- [Record extracts]
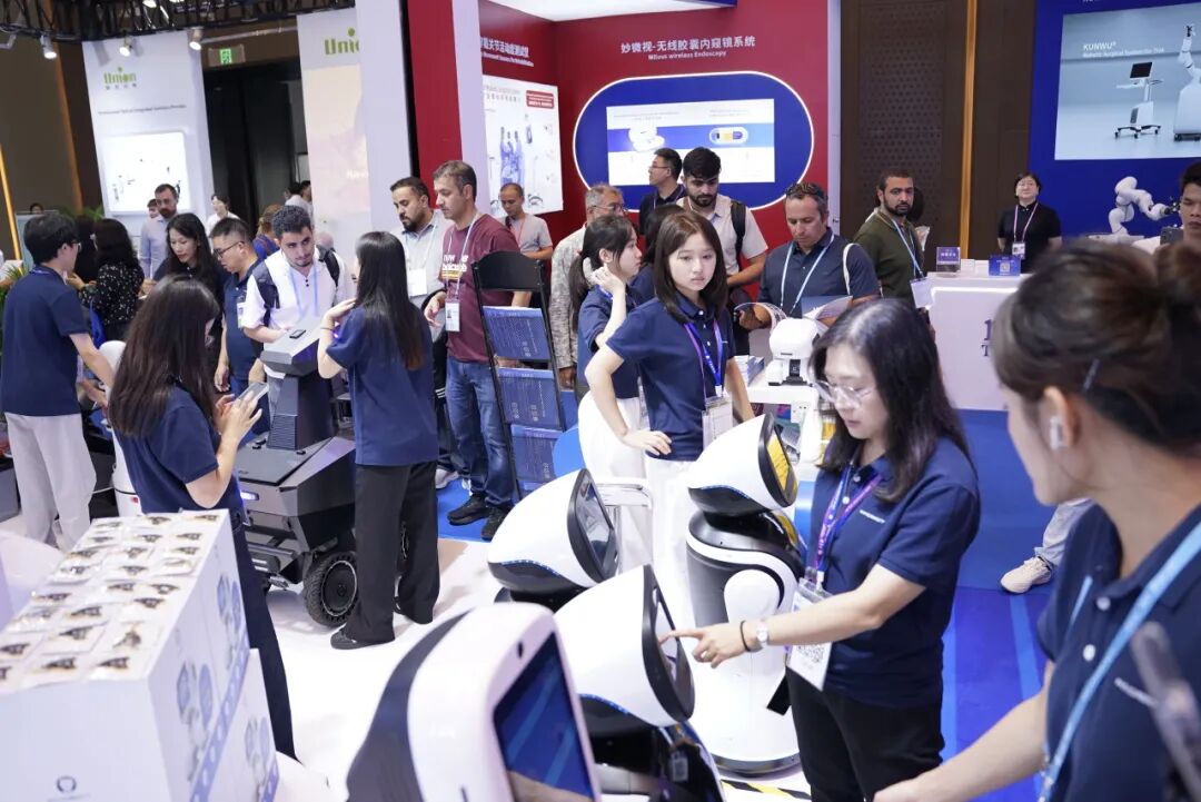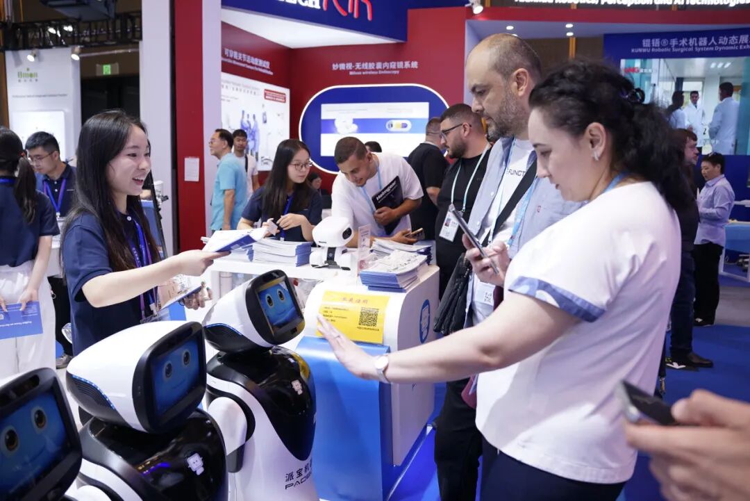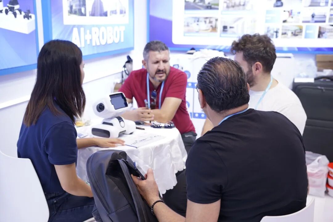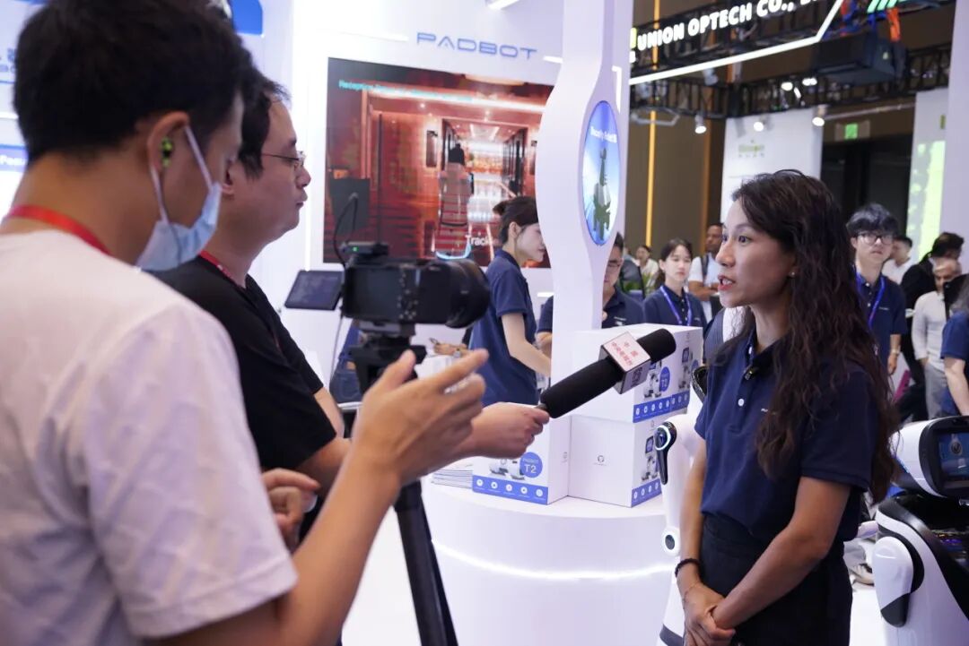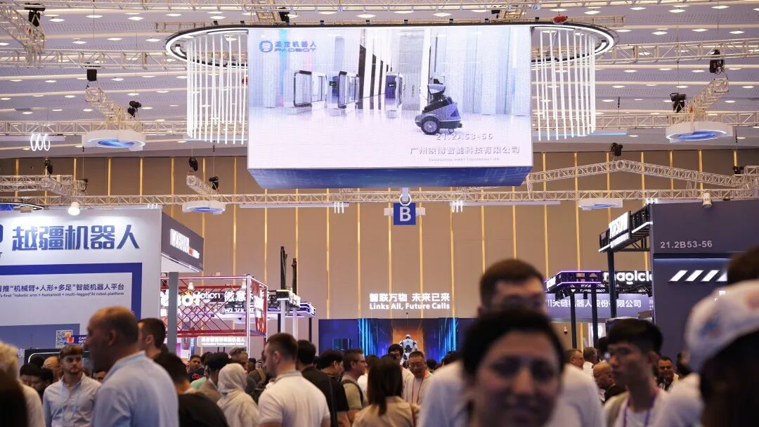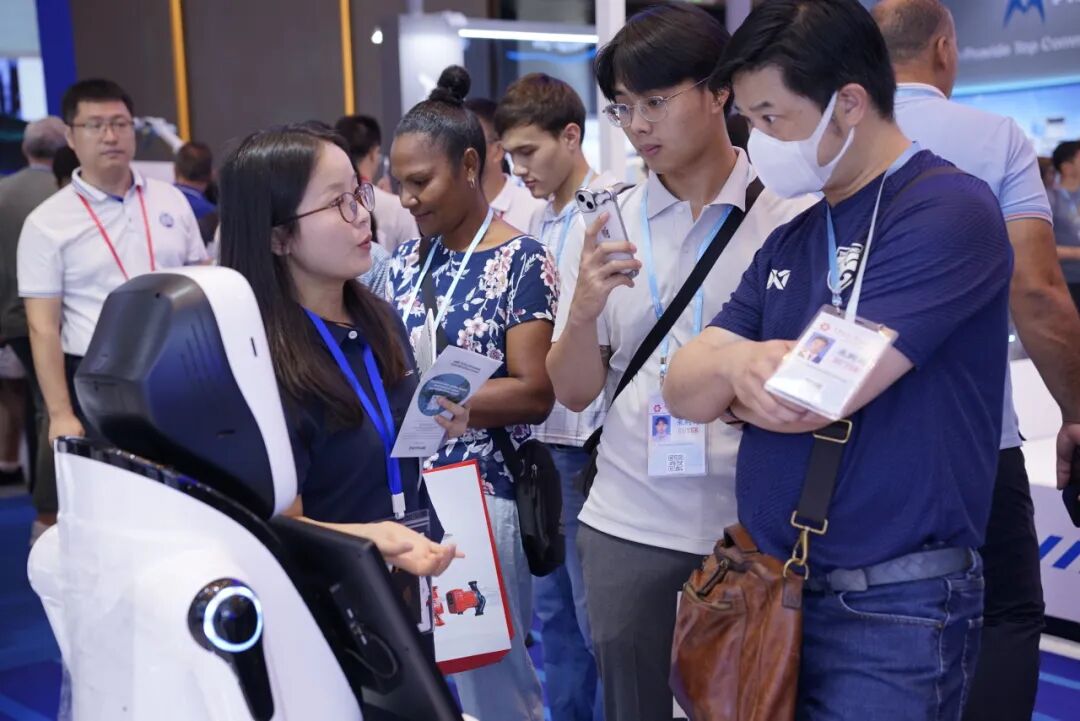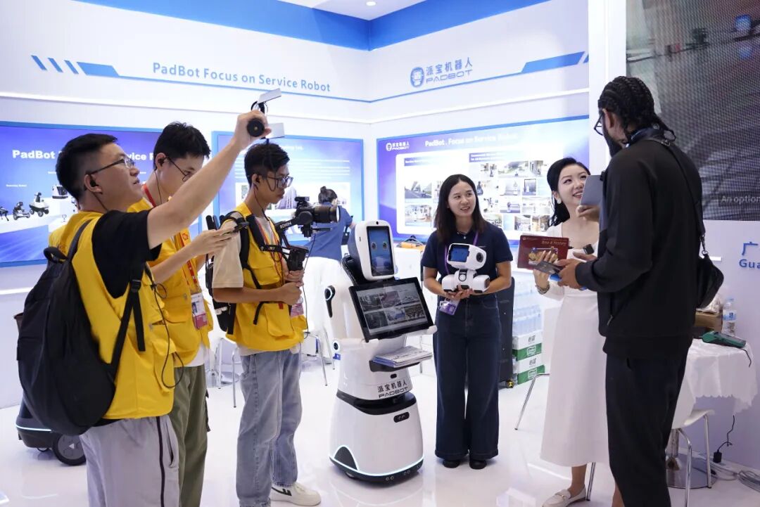 海外客商纷纷驻足体验、深入交流派宝机器人产品。其中,接入 AI 大语言模型的迎宾机器人 X3,能以多语种流畅应答各类采购咨询,其精准的个性化交互能力赢得不少外商由衷称赞;由室内外巡逻机器人组成的无人巡逻场景,通过 AI 识别算法、大面积无轨自主导航、双端远程操控等功能的现场演示,直观呈现出商用场景下 “降本增效” 的优质解决方案。
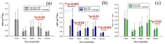 Average band power (ABP) as a function of the waveband for achromatic (a), blue (b), and green (c) CFF stimuli with scattering compared to scattering-free CFF stimuli. Asterisks mark pairs for which a significant difference (p < 0.05) was found.
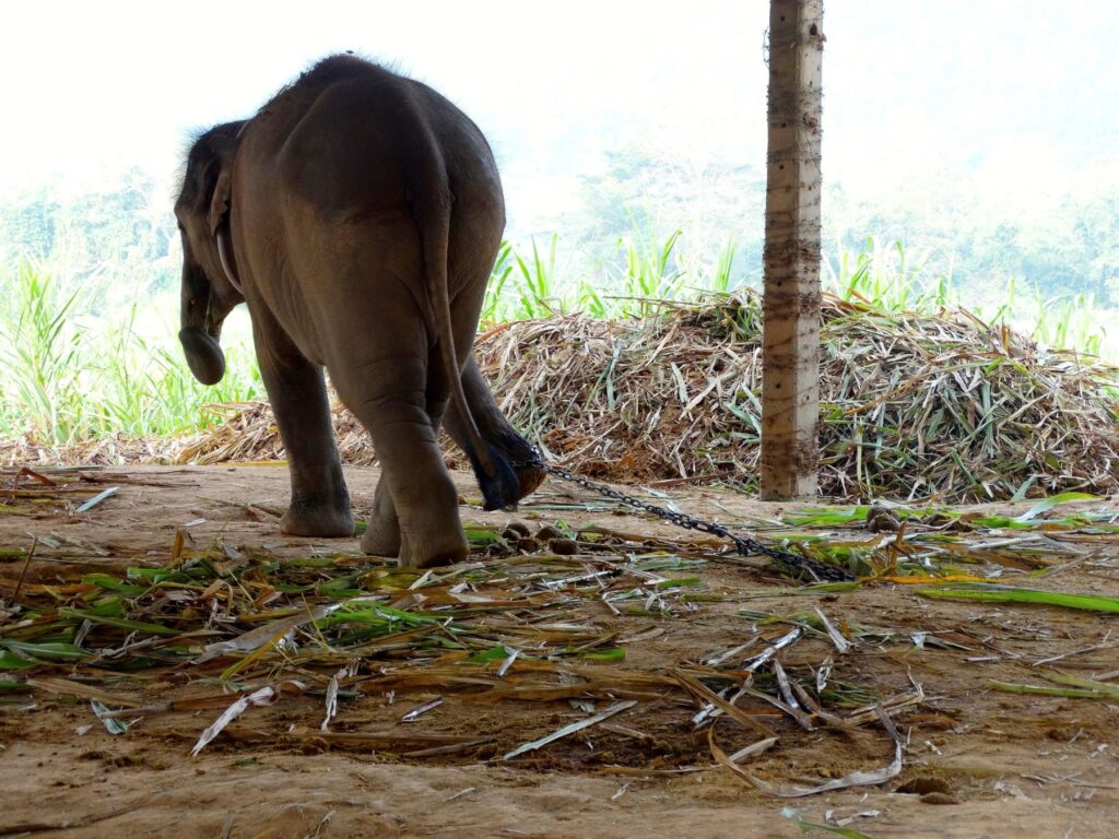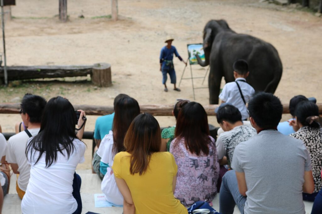 ข้อมูลจากองค์กรพิทักษ์สัตว์แห่งโลกระบุ ปัจจุบันในประเทศไทย มีช้างกว่า 4,000 ตัว ในอุตสาหกรรมท่องเที่ยว ผ่านกิจรรมโชว์ช้าง ขี่ช้าง เดินสองขา วาดรูป ขี่จักรยาน หรือแสดงพฤติกรรมผิดธรรมชาติอื่นๆ ซึ่งส่วนใหญ่มีเบื้องหลังที่เลวร้าย ตั้งแต่การพรากลูกช้างมาจากแม่ตั้งแต่ยังเล็ก นำมาฝึกตั้งแต่ยังเด็ก ทำให้เชื่อง เชื่อฟังคำสั่ง ซึ่งต้องใช้วิธีที่รุนแรง ช้างจะถูกกักขัง บังคับ ถูกใช้งานอย่างหนัก ถูกขอสับ ถูกล่ามโช่ ไม่มีโอกาสได้ใช้ชีวิตตามธรรมชาติในแบบที่ควรจะเป็น ทำให้ช้างบาดเจ็บทั้งร่างกายและจิตใจ ทุกข์ทรมานตั้งแต่เกิดจนตาย
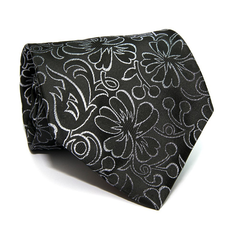 Галстук ZAGI черный с цветами ZN-1871
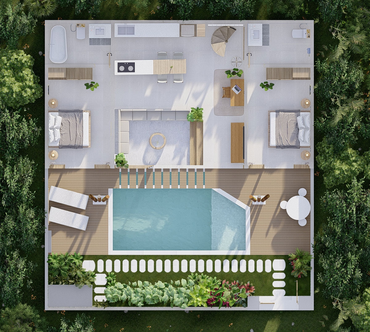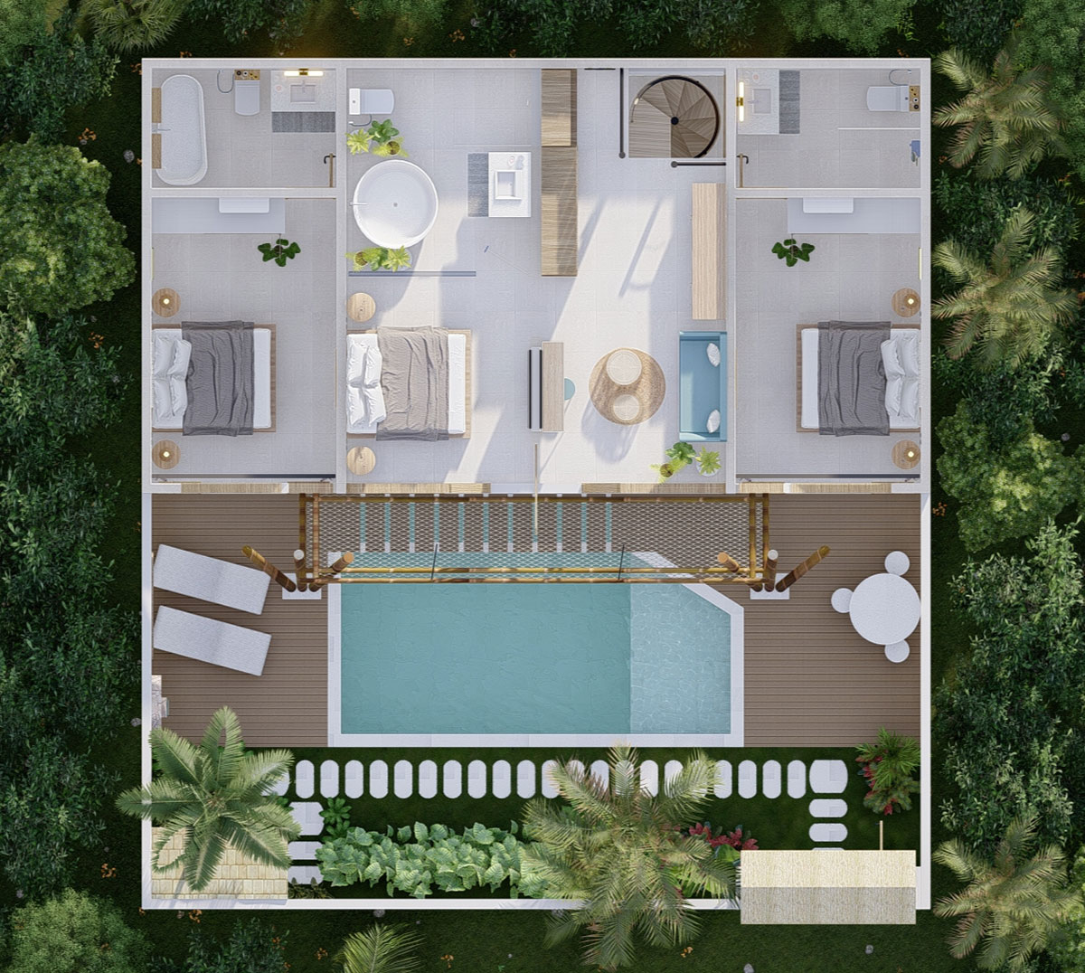 Available in 2 to 3 bedrooms, Villa Melambai is blending timeless island design with modern comfort, this villa features spacious bedrooms, open-air living, and a private pool. The perfect harmony of tropical charm and contemporary ease.
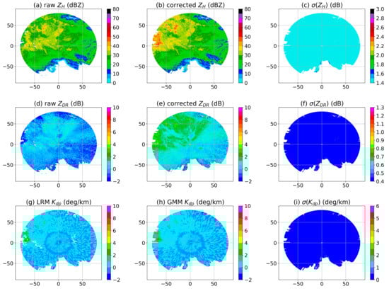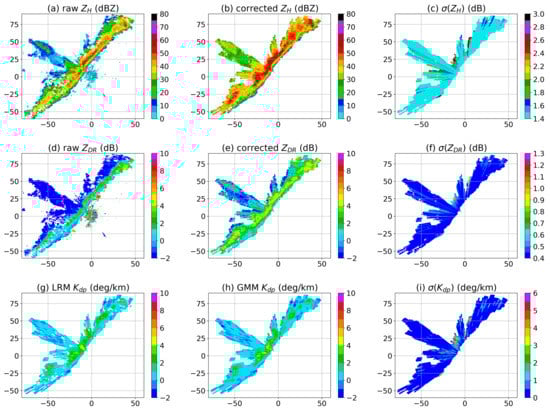 Plan position indicators (PPIs) of (a) raw , (b) corrected , (c) , (d) raw , (e) corrected , (f) , (g) LRM , (h) GMM , and (i) . The data were collected at 0411 UTC on 7 March 2017. The axes are in kilometers from the radar.

- [Work instructions]
Could every record be given again exactly, with its pictures left out?

- [Answer space]
 海外客商纷纷驻足体验、深入交流派宝机器人产品。其中,接入 AI 大语言模型的迎宾机器人 X3,能以多语种流畅应答各类采购咨询,其精准的个性化交互能力赢得不少外商由衷称赞;由室内外巡逻机器人组成的无人巡逻场景,通过 AI 识别算法、大面积无轨自主导航、双端远程操控等功能的现场演示,直观呈现出商用场景下 “降本增效” 的优质解决方案。
 Average band power (ABP) as a function of the waveband for achromatic (a), blue (b), and green (c) CFF stimuli with scattering compared to scattering-free CFF stimuli. Asterisks mark pairs for which a significant difference (p < 0.05) was found.
 ข้อมูลจากองค์กรพิทักษ์สัตว์แห่งโลกระบุ ปัจจุบันในประเทศไทย มีช้างกว่า 4,000 ตัว ในอุตสาหกรรมท่องเที่ยว ผ่านกิจรรมโชว์ช้าง ขี่ช้าง เดินสองขา วาดรูป ขี่จักรยาน หรือแสดงพฤติกรรมผิดธรรมชาติอื่นๆ ซึ่งส่วนใหญ่มีเบื้องหลังที่เลวร้าย ตั้งแต่การพรากลูกช้างมาจากแม่ตั้งแต่ยังเล็ก นำมาฝึกตั้งแต่ยังเด็ก ทำให้เชื่อง เชื่อฟังคำสั่ง ซึ่งต้องใช้วิธีที่รุนแรง ช้างจะถูกกักขัง บังคับ ถูกใช้งานอย่างหนัก ถูกขอสับ ถูกล่ามโช่ ไม่มีโอกาสได้ใช้ชีวิตตามธรรมชาติในแบบที่ควรจะเป็น ทำให้ช้างบาดเจ็บทั้งร่างกายและจิตใจ ทุกข์ทรมานตั้งแต่เกิดจนตาย
 Галстук ZAGI черный с цветами ZN-1871
 Available in 2 to 3 bedrooms, Villa Melambai is blending timeless island design with modern comfort, this villa features spacious bedrooms, open-air living, and a private pool. The perfect harmony of tropical charm and contemporary ease.
 Plan position indicators (PPIs) of (a) raw , (b) corrected , (c) , (d) raw , (e) corrected , (f) , (g) LRM , (h) GMM , and (i) . The data were collected at 0411 UTC on 7 March 2017. The axes are in kilometers from the radar.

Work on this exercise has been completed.